Additional growth due to better free cash flow could boost the telecommunications company in 2015, analysts said.
"Lower CapEx suggests better 2015 free cash flow. AT&T expects 2015 CapEx to be in the $18B range. This compares to our estimate of $20.5B, implying a potential boost to FCF of up to $2.5B," the firm said.
"Our 2015 FCF forecast is $11.1B. Free cash flow of $13B would imply year-over-year growth of nearly 20% and a dividend payout ratio of 77%, excluding pending acquisitions," Credit Suisse added.
Additionally, AT&T announced on Friday that it would acquire lusacell, Mexico's third largest wireless telecom company, for $2.5 billion.

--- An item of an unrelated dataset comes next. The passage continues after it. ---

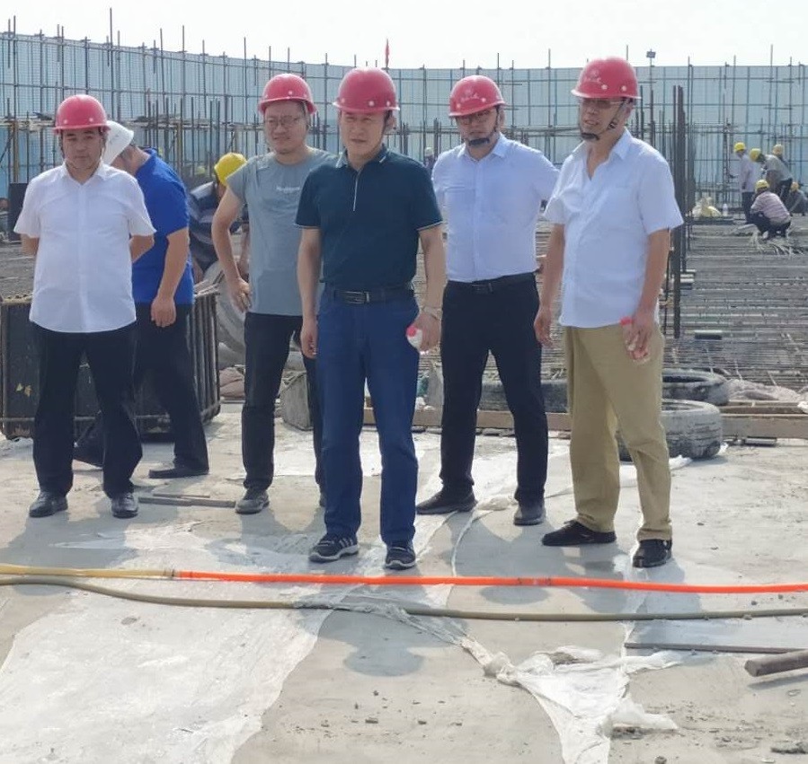 在施工现场,项目经理王建刚详细介绍了工程进展情况以及工地安全文明管理措施落实情况,之后王景虎着重就项目的安全责任、文明施工、施工质量、防暑防汛等方面进行了现场查看,根据现场施工中存在的问题提出了明确的要求。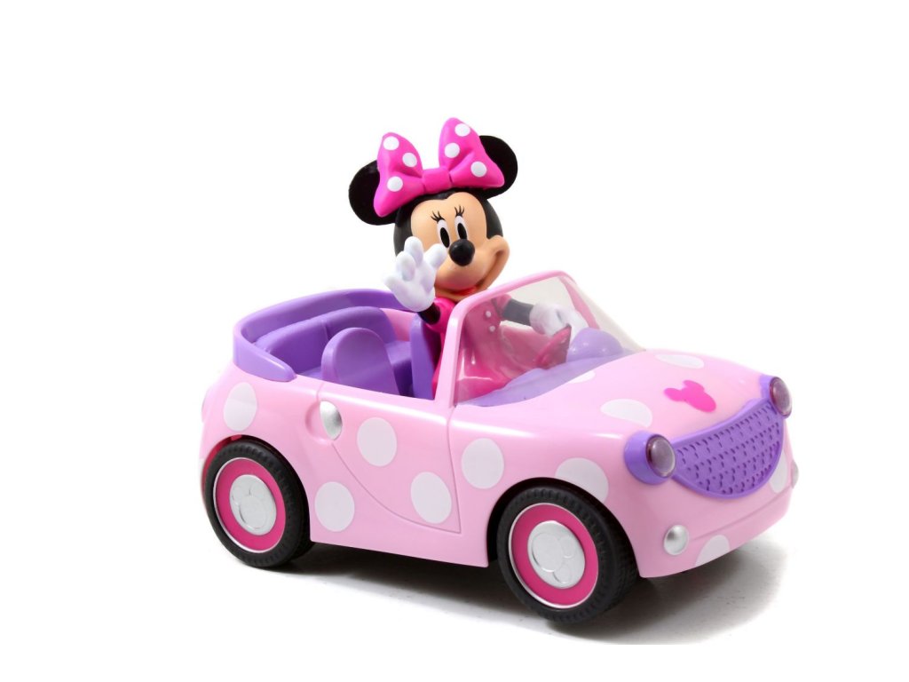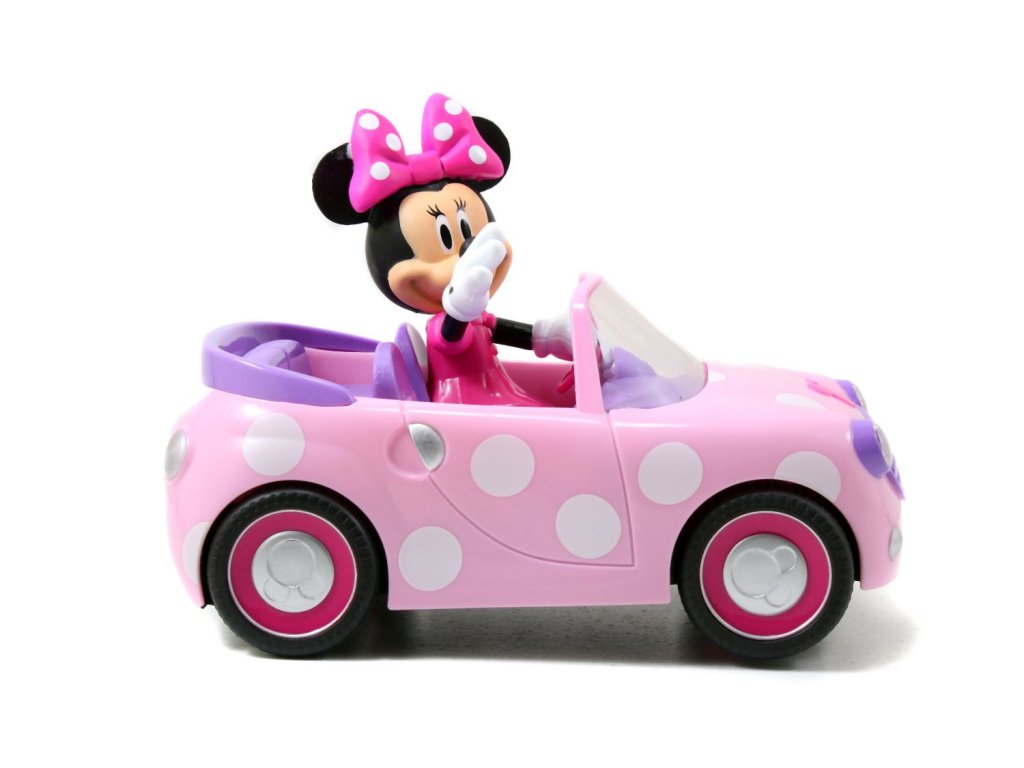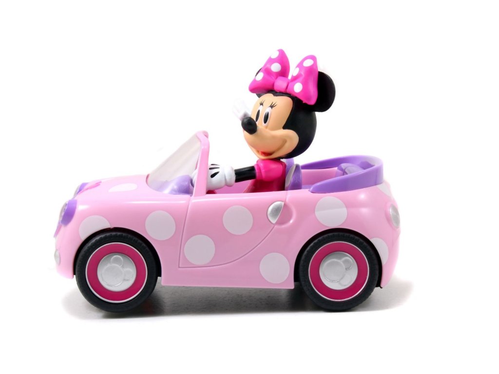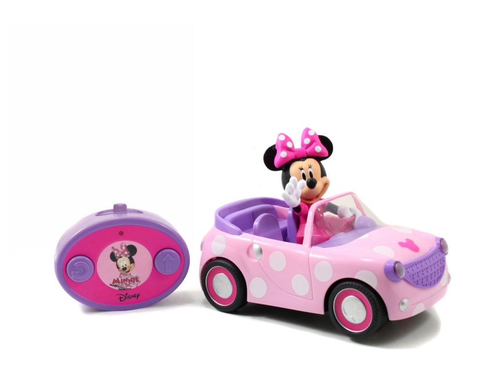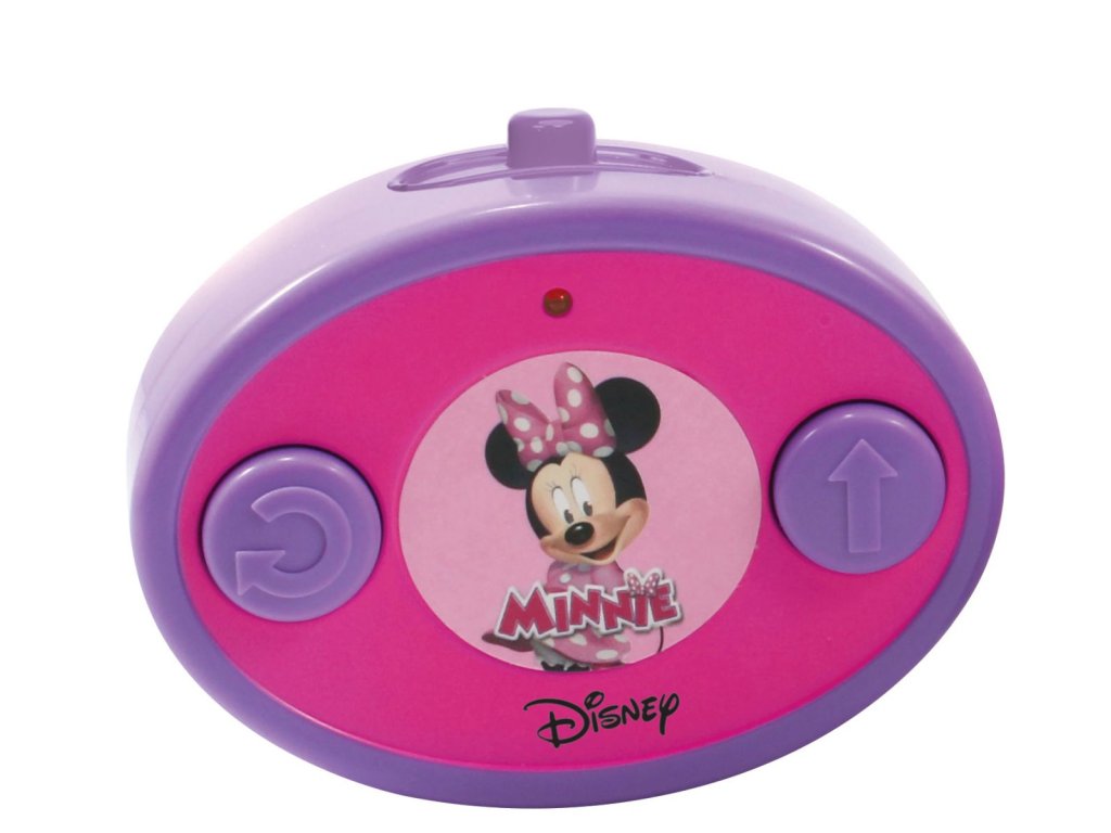 RC autíčko s Disney Minnie, 1-kanál, frekvence 2,4 GHz, jede vpřed rovně a vzad. V růžové barvě. Délka 19 cm.

Separately, TheStreet Ratings team rates AT&T INC as a "buy" with a ratings score of A-. TheStreet Ratings Team has this to say about their recommendation:
"We rate AT&T INC (T) a BUY. This is based on the convergence of positive investment measures, which should help this stock outperform the majority of stocks that we rate. The company's strengths can be seen in multiple areas, such as its revenue growth, reasonable valuation levels, largely solid financial position with reasonable debt levels by most measures, notable return on equity and expanding profit margins. We feel these strengths outweigh the fact that the company has had sub par growth in net income."